Майор решительно поднес фляжку ко рту. Глотнул, достал из нагрудного кармана сигарету и, «съев» ее в три длинные глубокие затяжки, вышел из палатки. Пряча от утреннего солнца воспаленные бессонницей глаза, он равнодушно прошел мимо лениво козырнувшего часового и остановился у невысокого флагштока, на верхушке которого в порывах горячего ветра трепетало красное полотнище. Отсюда лагерь, придавленный к однообразно рыжей равнине бесцветным до прозрачности небом, был как на ладони. Вдали из желто-серого песочного тумана выступали ряды солдатских палаток. Слева звенела посудой, гремела котлами, пыхтела топками походная кухня.
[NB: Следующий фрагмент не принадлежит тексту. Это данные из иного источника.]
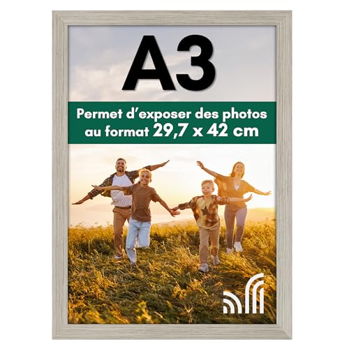 Americanflat Cadre Photo A3 Bois Flotté - MDF avec Verre Incassable Poli - Format Horizontal et Vertical pour Mur - 29,7x42 cm
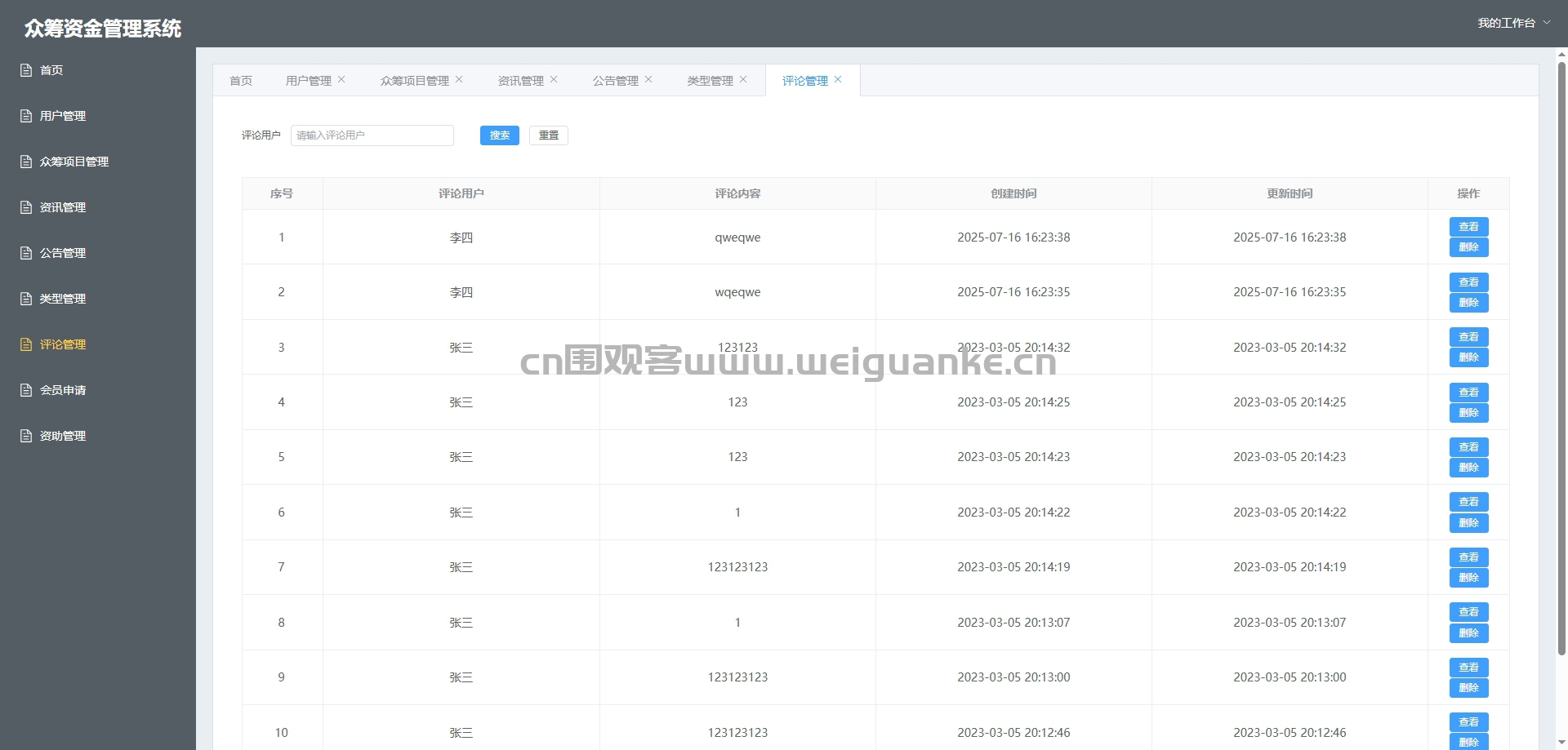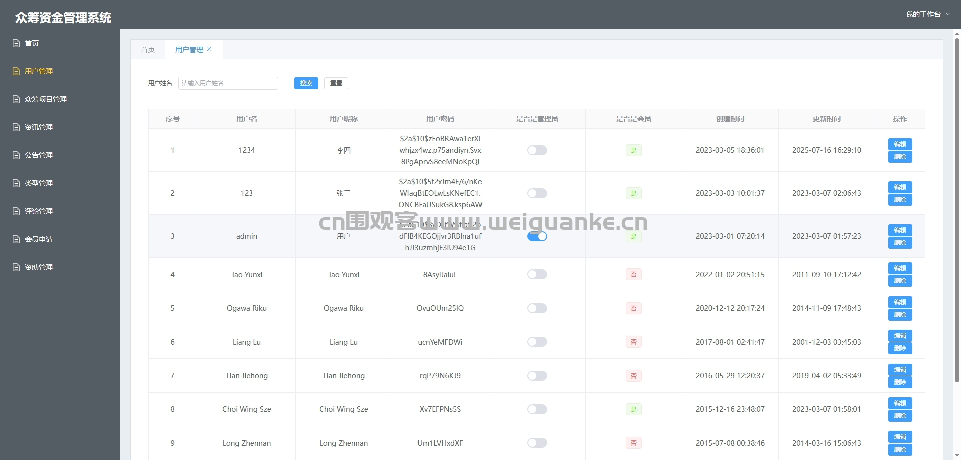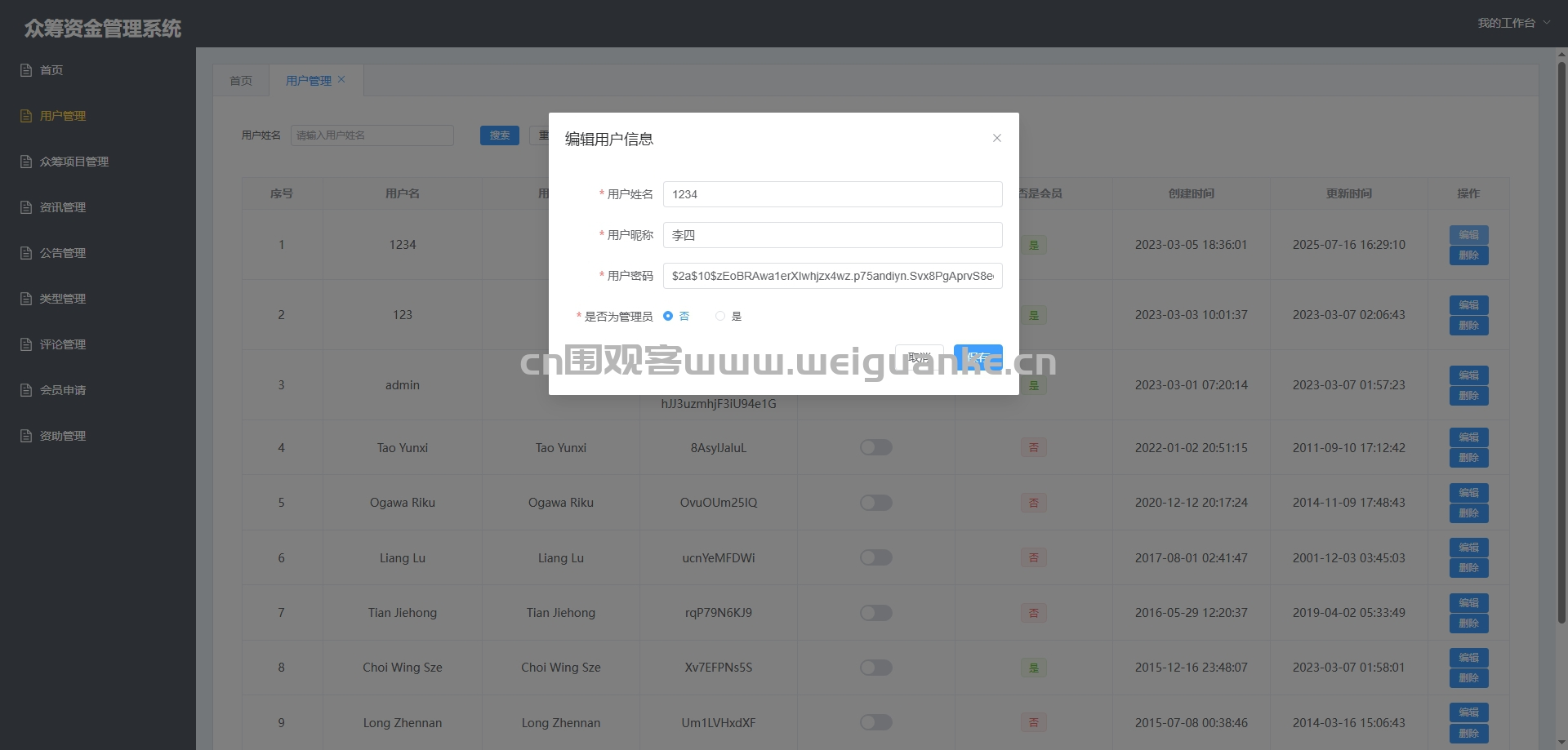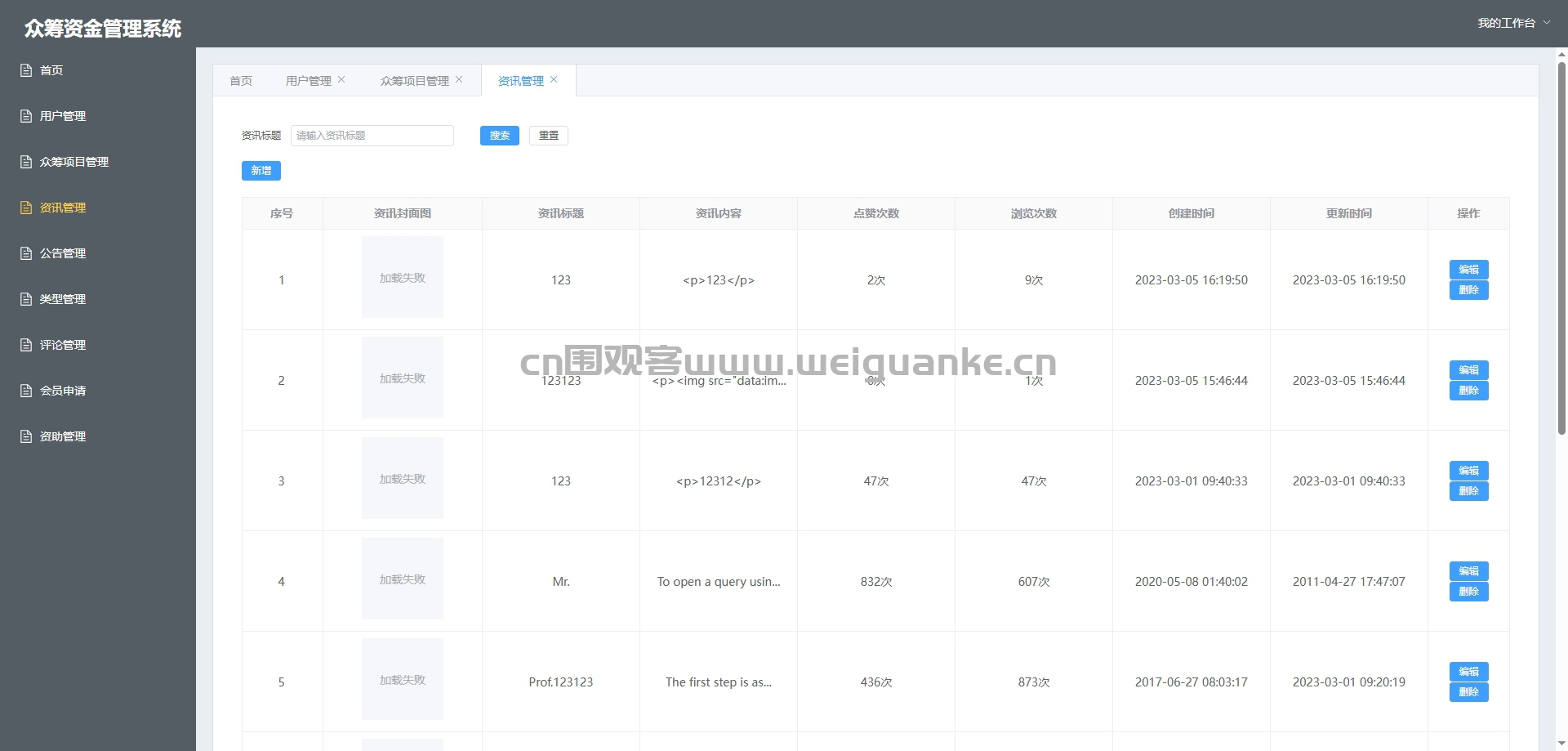 众筹项目管理:管理平台所有众筹项目的审核与运营

Справа солдаты, готовясь к разводу, стекались в прямоугольники повзводных колонн. А в самом центре кипела стройка. Элитный рабочий отряд, члены которого ни с кем не разговаривали, жили в отдельных комфортабельных палатках и каждый день получали тройной спецпаек, возводил на обнесенном колючей проволокой пространстве что-то странное и непонятное. Еще не законченный фундамент формой своей не походил ни на одну геометрическую фигуру, а выраставшие над ним стены поднимались от земли под разными углами и в разные стороны. Сколько ни смотрел Стрельников на эту странную стройку, как ни пытался по очертаниям будущего объекта догадаться о его назначении — ничего вразумительного в голову не приходило.
— Товарищ майор! — Стрельников обернулся. Перед ним стоял солдат, форма на котором топорщилась складками, будто хотела змеиной кожей сойти с человека. И только затянутый по талии ремень с сияющей на бляхе звездой да застегнутый под самым подбородком крючок удерживали камуфляж на теле. — Товарищ майор, старший сержант Ибрагимов по вашему приказанию прибыл.
— Вольно, — вяло кивнул Стрельников. День только начинался, а он уже чувствовал себя разбитым, словно после суточного марш-броска по раскаленной пустыне. Завидуя бодрости подчиненного, майор протянул ему измятый вскрытый конверт. — Держи. Вчера из спецчасти передали.
Сержант на глазах превратился в мальчишку, вчера еще стрелявшего из рогатки по кошкам и гонявшего мяч с мальчишками из соседнего двора.
— Отставить, — мягко скомандовал майор, видя, что Ибрагимов уже достает письмо из конверта. — После прочтешь. Сейчас для тебя особое задание. Видишь русло? — Стрельников указал туда, где между желто-бурых холмов и пригорков извивалась мертвая река: крутые обвалившиеся берега, изрезанные трещинами, усыпанные клочками сухой, добела выцветшей травы, да дно с тухлыми лужами поверх тошнотворно смердящего ила. — Туда дальше у местных на этой речушке вся ирригация завязана. А выше, километрах в сорока, повстанцы, когда отступали, дамбу насыпали и всю воду по другому руслу пустили. Теперь у этих посевы гибнут, а для них это сам понимаешь… Можно сразу в домовину. Дамба-то, конечно, пустяк. Они бы ее давно разобрали. Да бояться, что заминирована. Случаи такие, сам понимаешь, не редкость. В общем, сейчас возле КПП тебя один местный деятель с машиной ожидает. Возьми пару ребят из взвода и… задача ясна?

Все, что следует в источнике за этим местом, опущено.